The S2S model converts spoken input into spoken output, while the STT–TTS model first converts speech into text, which is processed by an Agent; the Agent’s textual response is then converted back into speech. Both approaches involve tradeoffs.

Dialog adopts the STT–TTS model. It orchestrates communication between the VoIP, STT, TTS, and Agent components. The framework provides concrete implementations of VoIP, STT, and TTS classes, along with abstract Agent classes designed for subclassing.

Features

  • Extensible, modular framework
  • Concrete implementations for VoIP, STT, and TTS, plus abstract Agent classes for extension
  • Multithreaded deployments
  • Event-driven architecture
  • Isolated state — components exchange objects but never mutate objects held by other components

NB Dialog is a well architected implementation; however, it is still undergoing active refactoring. Prior to 1.0.0, public interfaces may change on turns of minor versions and commit messages will be minimal.

Table of contents

Installation

Development Installation

These instructions describe how to clone the Dialog repository and build the package.

Clone the repository.

git clone https://github.com/faranalytics/dialog.git

Change directory into the Dialog repository.

cd dialog

Install the package dependencies.

npm install && npm update

Build the Dialog package.

You can use the clean:build script in order to do a clean build.

npm run clean:build

Alternatively, you can use the watch script in order to watch and build the package. This will build the package each time you make a change to a file in ./src. If you use the watch script, you will need to open a new terminal in order to build and run your application.

npm run watch

Install Dialog into your package

Change directory into your package directory and install the package.

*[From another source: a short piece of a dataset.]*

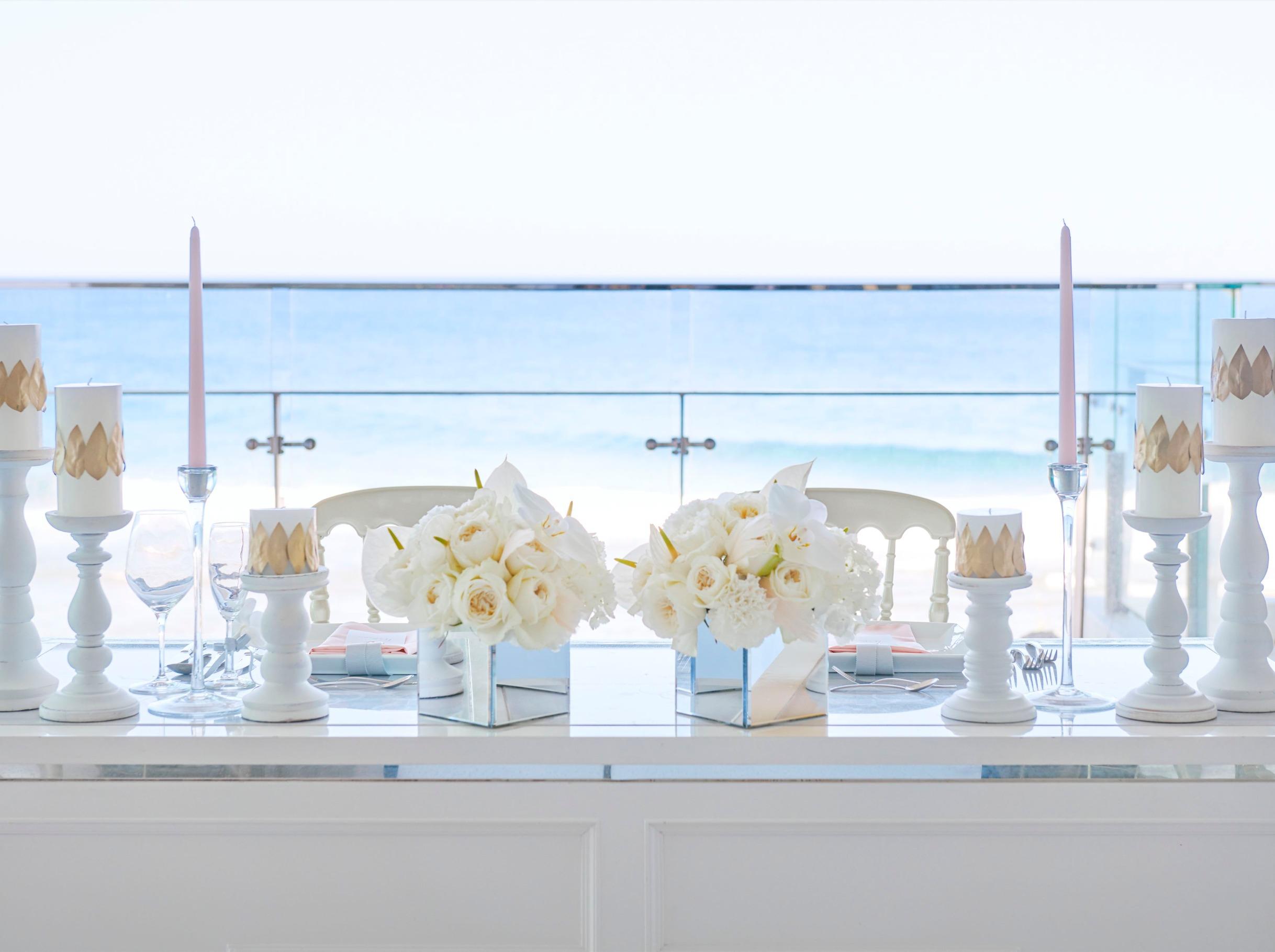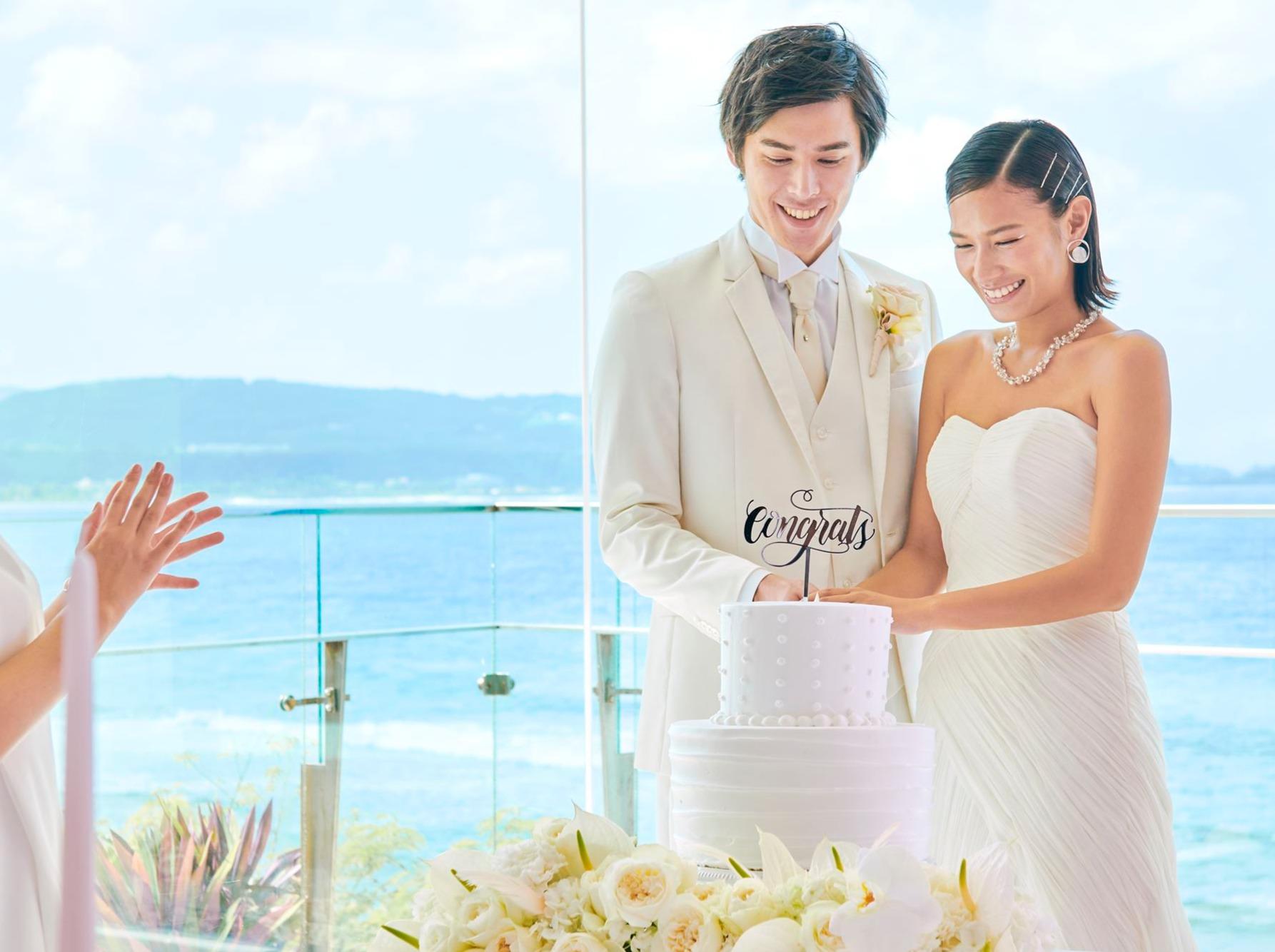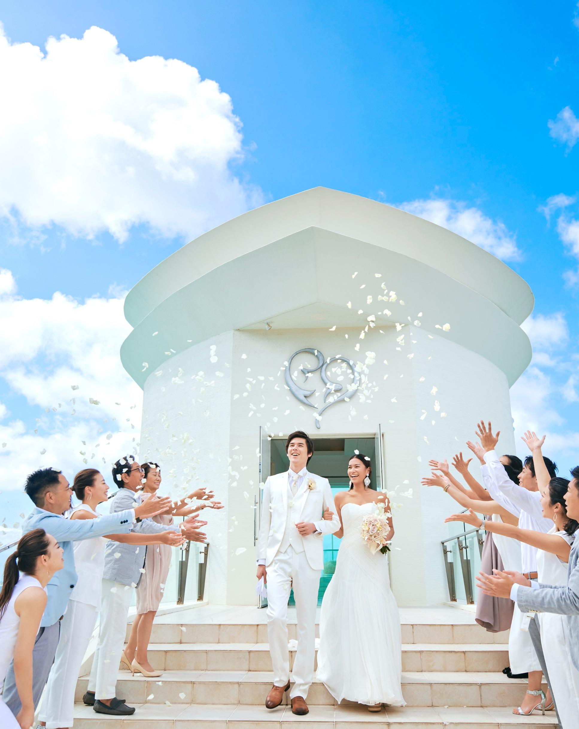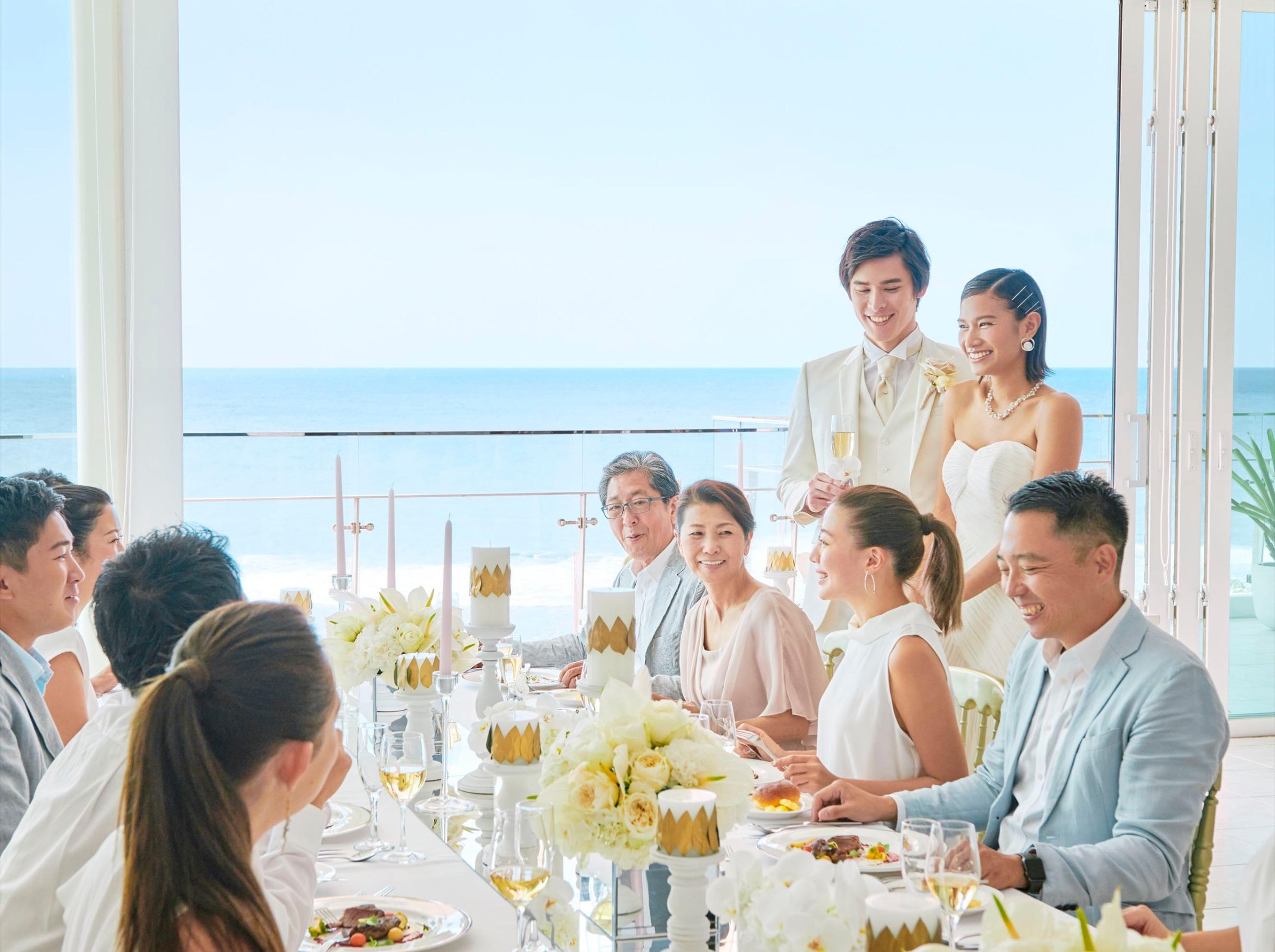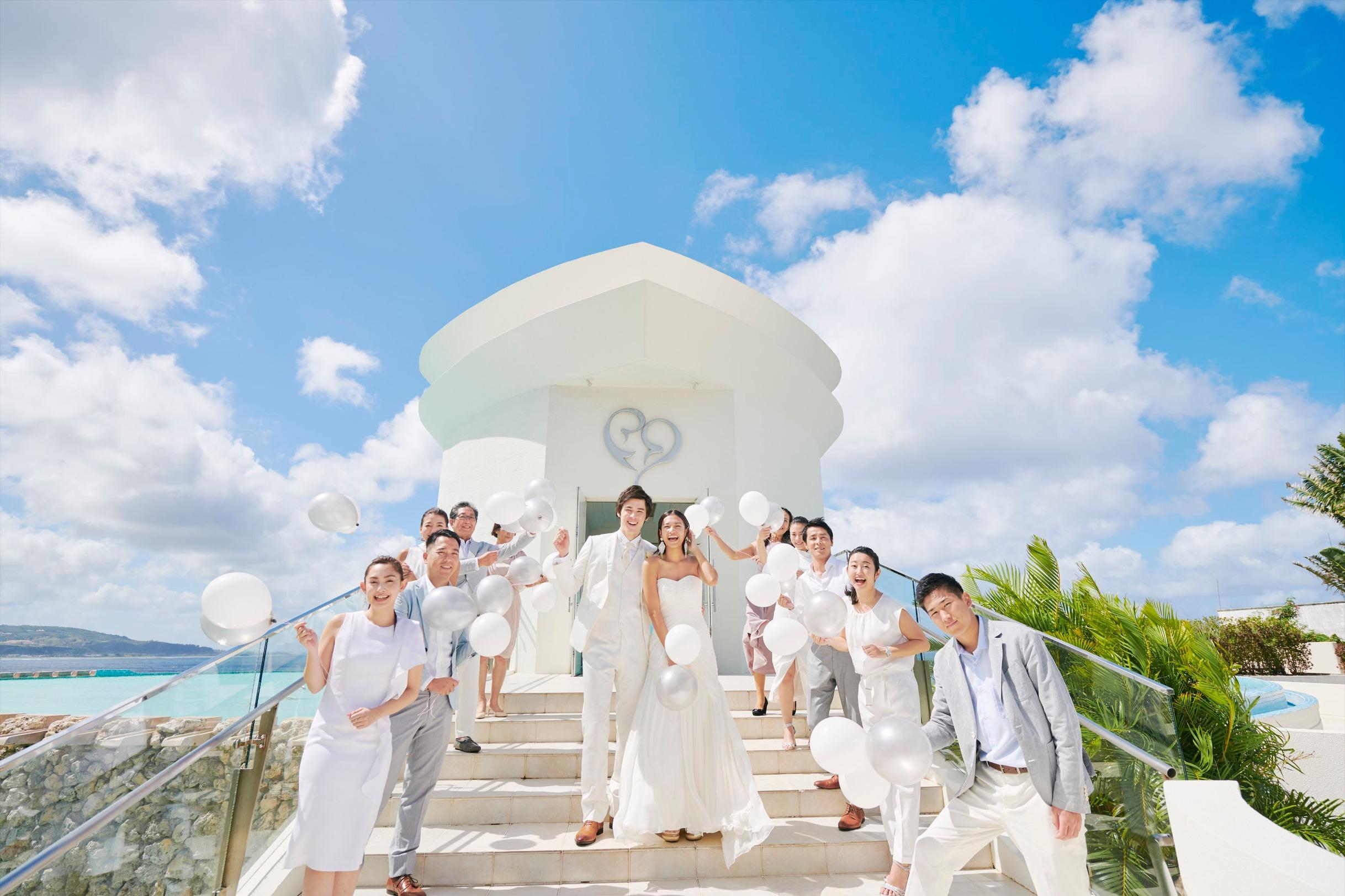 白と青のコントラストが描く光景に心を奪われる。青い海と空を感じながら祝福のときを迎えて。

npm install <path-to-the-dialog-repository> --save

You should now be able to import Dialog artifacts into your package.

Usage

How it works

When a call is initiated, a Gateway (e.g., a Twilio Gateway) emits a voip event. The voip handler is called with a VoIP instance as its single argument. The VoIP instance handles the web socket connection that is set on it by the Gateway. In the voip handler, an instance of an Agent is constructed by passing a VoIP, STT, and TTS implementation into its constructor. The agent is started by calling its activate method. The activate method of the Agent instance connects the interfaces that comprise the application.

An important characteristic of the architecture is that a new instance (i.e., a VoIP, STT, TTS, and Agent) — is created for every call. This allows each instance to maintain state specific to its call.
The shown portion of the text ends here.